San Francisco Chronicle – Some Californians could pay more for homeowners insurance or have their policies not renewed as a result of wildfires that swept the state this summer, state Insurance Commissioner Dave Jones said last week.
“I would anticipate that we will see an increase in non-renewal letters,” Jones told Sacramento’s KCRA-TV when he was visiting victims of the Butte fire. “We just went through the seventh-worst and third-worst fire in California’s history. It stands to reason insurance companies are looking closely at what the risks are.”
KCRA interviewed Phil Stokes of Shingle Springs, who received a letter from Liberty Mutual saying his policy was not being renewed due to “unacceptable risk for wildfire.” The letter cited concerns about flammable vegetation, wind patterns and accessibility. Liberty did not provide a response to KCRA or The Chronicle.
So far, non-renewals do not appear to be widespread. Consumer group United Policyholders has “heard rumblings,” but “we don’t have a full-blown crisis on our hands by any stretch yet,” said its executive director, Amy Bach. Still, “between the drought and the Rocky, Butte and Valley wildfires, we expect to see some constriction in the marketplace.”
With auto insurance, Proposition 103 requires companies to cover anyone who qualifies as a good driver under California law. No such law applies to homeowners insurance, where companies “are free to decide what level or type of risk they want to write,” said Joel Laucher, the insurance department’s deputy commissioner for rate regulation.
Under the Unruh Civil Rights Act, companies cannot refuse to sell homeowners insurance or charge higher premiums based on a person’s marital status, sex, race, color, national origin, religion or ancestry.
But they could decide to insure only homes that are no more than 10 years old, which could wipe out large swaths of urban areas, Laucher said. Or they could insure homes only in areas with an ISO Public Protection Classification of one through four. ISO is a company that rates communities on a scale of one best) to 10 worst) based on their municipal fire protection efforts.
ISO’s parent company also gives individual properties a risk score based largely on density of brush, slope and access. CoreLogic provides similar scores. Insurance companies use these scores to decide where to sell insurance and how much to charge.
Insurance companies must get their ratings plans approved by the state insurance department. If they want to raise premiums, or make any changes that affect premiums, they must submit a new plan and get it approved.
“We are looking at the company’s overall loss ratio,” Laucher said. If a company wants to raise rates on certain homes or areas to compensate for increased fire danger but its overall loss ratio hasn’t changed, it has to lower rates elsewhere. If its loss ratio has gone up, it could get a net increase in rates. However, the ratings impact of catastrophes “is spread out over at least 20 years. You don’t load them all into one year’s experience.”
A company that wants to stop renewing policies might — or might not — need to submit a new ratings plan. “In most cases, when a company decides to not write a particular segment of business, they will have to refile their rates,” Laucher said. “They can make changes sometimes without filing if the change does not affect the rate. But the law says they can’t be unfairly discriminatory. It has to be consistent with the rule they have for new business and renewals.”
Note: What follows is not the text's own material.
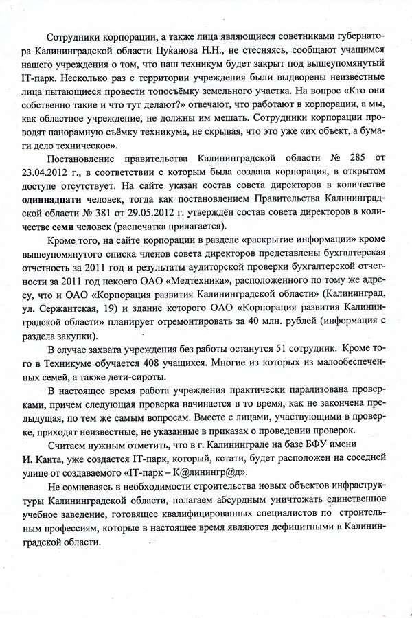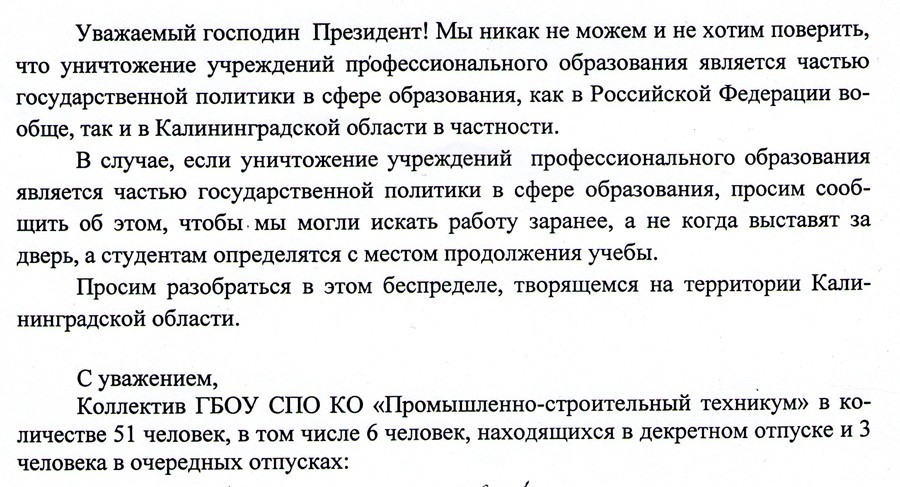 В письме говорится, что в случае захвата учреждения без работы останется 51 сотрудник. Кроме того, в техникуме обучается 408 учащихся, в том числе из малообеспеченных семей и дети-сироты. «Не сомневаясь в необходимости строительства новых объектов инфраструктуры Калининградской области, полагаем абсурдным уничтожать единственное учебное учреждение, готовящее квалифицированных специалистов по строительным профессиям, которые в настоящее время являются дефицитными в регионе, — говорится в письме. — Уважаемый господин Президент! Мы никак не можем и не хотим поверить, что уничтожение профессионального образования является частью государственной политики в сфере образования». Педагоги просят Путина разобраться в «творящемся беспределе».
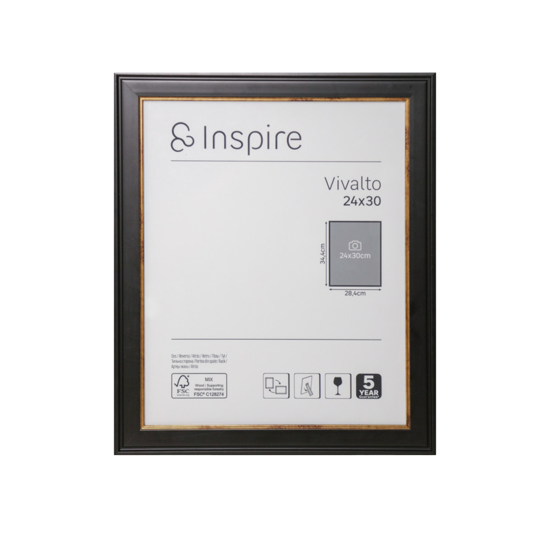 Rama na zdjęcie Vivalto 24 x 30 cm czarno-złota Inspire to elegancka i stylowa ramka, idealna do wyeksponowania ulubionego zdjęcia. Wykonana z wysokiej jakości polistyrenu (PS) w kolorze czarnym, posiada delikatny matowy połysk, który dodaje jej wyjątkowego charakteru. Front został wykonany ze szkła, natomiast tył z paneli drewnopochodnych. Dzięki uniwersalnym wymiarom 24 x 30 cm, rama doskonale komponuje się z różnorodnymi zdjęciami, dodając im elegancji i stylu.

For example, if a company’s rate plan says it won’t insure homes within 1,000 feet of brush, and it discovers that it is insuring a home within that range, it could not renew the policy without prior approval.
California has a law prohibiting insurers from refusing to renew a policy on a home that is being rebuilt and requires them to renew a policy at least once if a total loss was caused by fire or other catastrophe.
Laucher said he has not seen a significant change in rates as a result of the drought and wildfires. But that could shift.
Areas of risk
Premiums in areas at risk of wildfire are likely to rise over time, said Robert Hartwig, president of the Insurance Information Institute, a trade association. “You are in the midst of a long-term drought and that drought condition is likely to continue,” he said. El Niño, if it arrives, could provide “temporary respite.”
Homeowners facing non-renewal or a premium increase should contact the insurance department to make sure “it was applied fairly and consistent with the company’s) approved rating plan,” said Laucher. That goes for all increases, not just fire-related ones. Some companies have within their plan the right to remove a claims-free discount or add a surcharge if you file a claim. This does not have to be disclosed in the policy.
You can file a complaint with the department by calling 800) 927-4357 or at www.insurance.ca.gov.
If your premiums go up or you are canceled, shop around. Don’t overlook smaller companies and independent agents.
If all else fails, contact the California Fair Plan, which will insure any home in the state if it is in good condition. Its standard policy covers damage to the home or contents from fire or lightning, internal explosion and smoke. For an additional premium, you can add extended coverage for windstorm, hail, explosions, riots, aircraft, vehicles and volcanic eruptions) and vandalism/mischief.
Major insurance companies will provide a policy that covers what the Fair Plan won’t. All companies that sell homeowners insurance in California must belong to the Fair Plan.
The Fair Plan has not had an increase in applications or new business over the past six months, said John Boeder, its vice president for underwriting. But it has been getting a lot of claims from Butte and Valley fire victims.